Read Major Pettigrew’s Last Stand Online
Authors: Helen Simonson
“What would Mother think about you chasing all over England after some shopgirl?” asked Roger.
“If you say ‘shopgirl’ one more time, I shall punch you,” said the Major.
“But what if you marry her and she outlives you?” Roger asked. “What happens if she won’t give up the house and – Well, after all the fuss you made about the Churchills, I don’t see how you can just hand everything over to a complete stranger.”
“Ah, so it isn’t a question of loyalty as much as of patrimony,” said the Major.
“It’s not the money,” said Roger indignantly. “It’s the principle of the thing.”
“These things are never neat, Roger,” said the Major. “And speaking of your mother, you were there when she begged me not to remain alone if I found someone to care for.”
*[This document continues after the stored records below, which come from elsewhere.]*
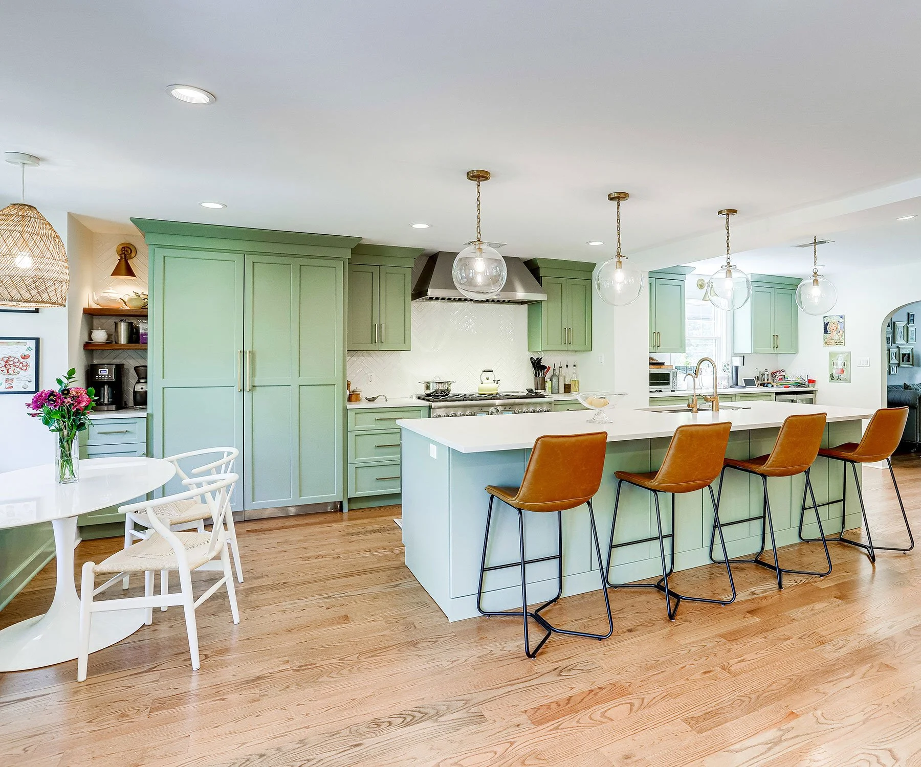 Main objectives of this project included preserving as much of the front front faΓ§ade and existing porch as possible while expanding out back to gain more space for the family to spread out comfortably. The addition allows for great flow between the family/living rooms and kitchen, and creates a seamless transition to the outdoor deck. The open spaces, paired with a cozy breakfast nook and vast island, make this home an entertainer's dream! Our clients curated a beautiful color palette for their re-imagined homeβwe think the pops of blues and greens create such a calm and complimentary space.
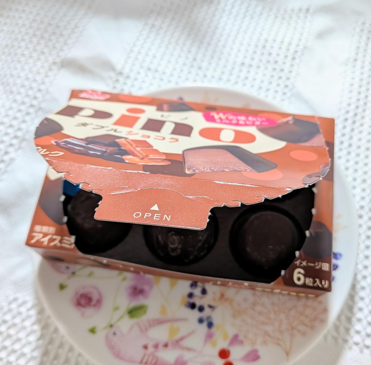 ピノのダブルショコラ。新商品です。見た目から冬っぽさを感じるアイスですね。
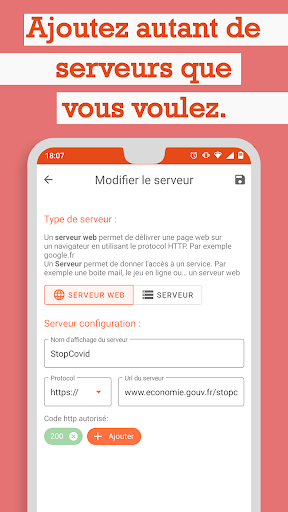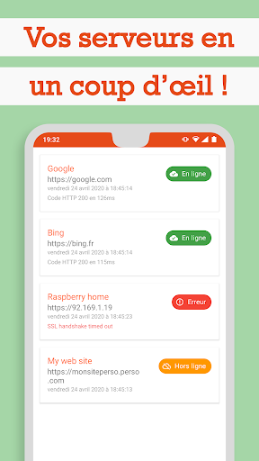 - afficher le statut de vos serveurs: en ligne, timeout, hors ligne, en erreur;
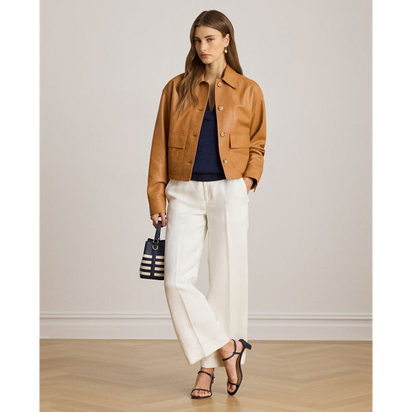Crafted from lightweight linen-blend twill, these wide-leg cropped trousers are detailed with folded cuffs and creases at each leg for a tailored look.
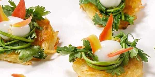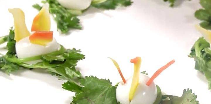 5、將胡蘿卜片切成鳥頸與頭還有翅膀的形狀,插在鵪鶉蛋的刀口裡,再用芹菜葉卷成環狀,鳥巢就做好瞭。
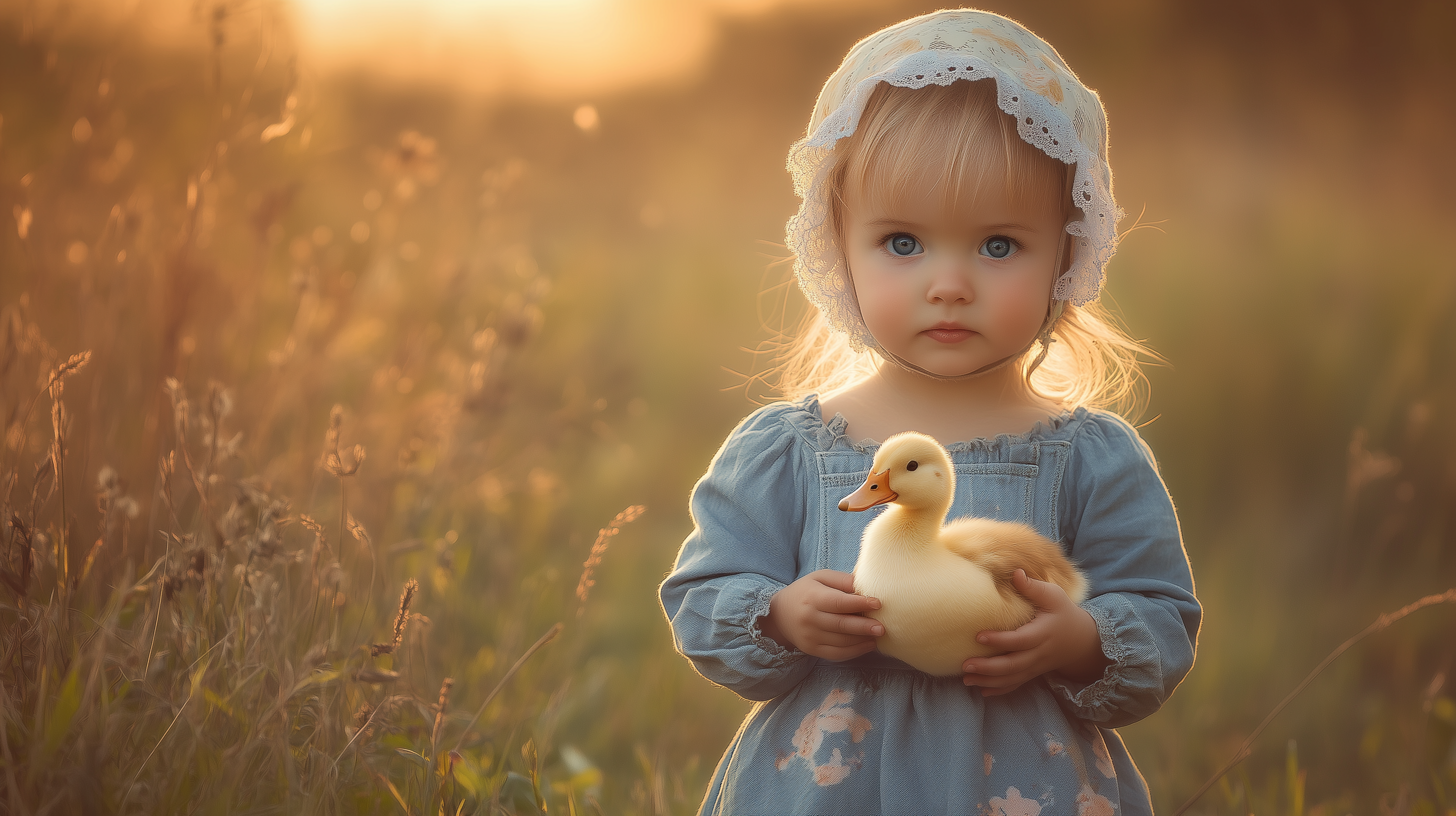 A young girl with blonde hair and blue eyes dressed in vintage dusty blue overalls and a bonnet adorned with flowers, holding a duck in a sunny, grassy field. The image exudes a warm, ethereal glow with the sunlight softly illuminating the scene.
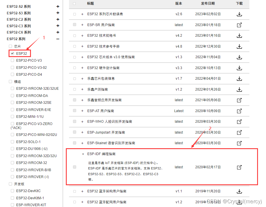 我所使用的开发板为ESP32,所以选择ESP32,选择ESP-IDF编程指南。
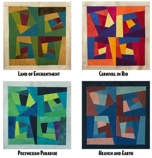 Here is the Crazy Patch block in the four Blendables colorways. Each Blendables pack has six hand-dyed fat quarters. Each colorway is comprised of two coordinating Blendables packs (twelve fat quaters total) and a coordinating one-yard piece of background fabric.

“She was dying,” said Roger. “She begged you to marry again and you swore you wouldn’t. Personally, I was mad that we wasted so much valuable time on deathbed promises both of you knew were untenable.”
“Your mother was the most generous of women,” the Major said. “She meant what she said.” They were silent for a moment and the Major wondered whether Roger was also smelling again the carbolic and the roses on the bedside table and seeing the greenish light of the hospital room and Nancy’s face, grown as thin and beautiful as a painted medieval saint, with only her eyes still burning with life. He had struggled in those last hours, as had she, to find words that were not the merest of platitudes. Words had failed him then. In the awful face of death, which seemed so near and yet so impossible, he had choked on speech as if his mouth were full of dry hay. Poems and quotations, which he had remembered using to soothe others on those useless condolence notes and in the occasional eulogy, seemed specious and an exercise of his own vanity. He could only squeeze his wife’s brittle hand while the useless pleadings of Dylan Thomas, “Do not go gentle into that good night…”, beat in his head like a drum.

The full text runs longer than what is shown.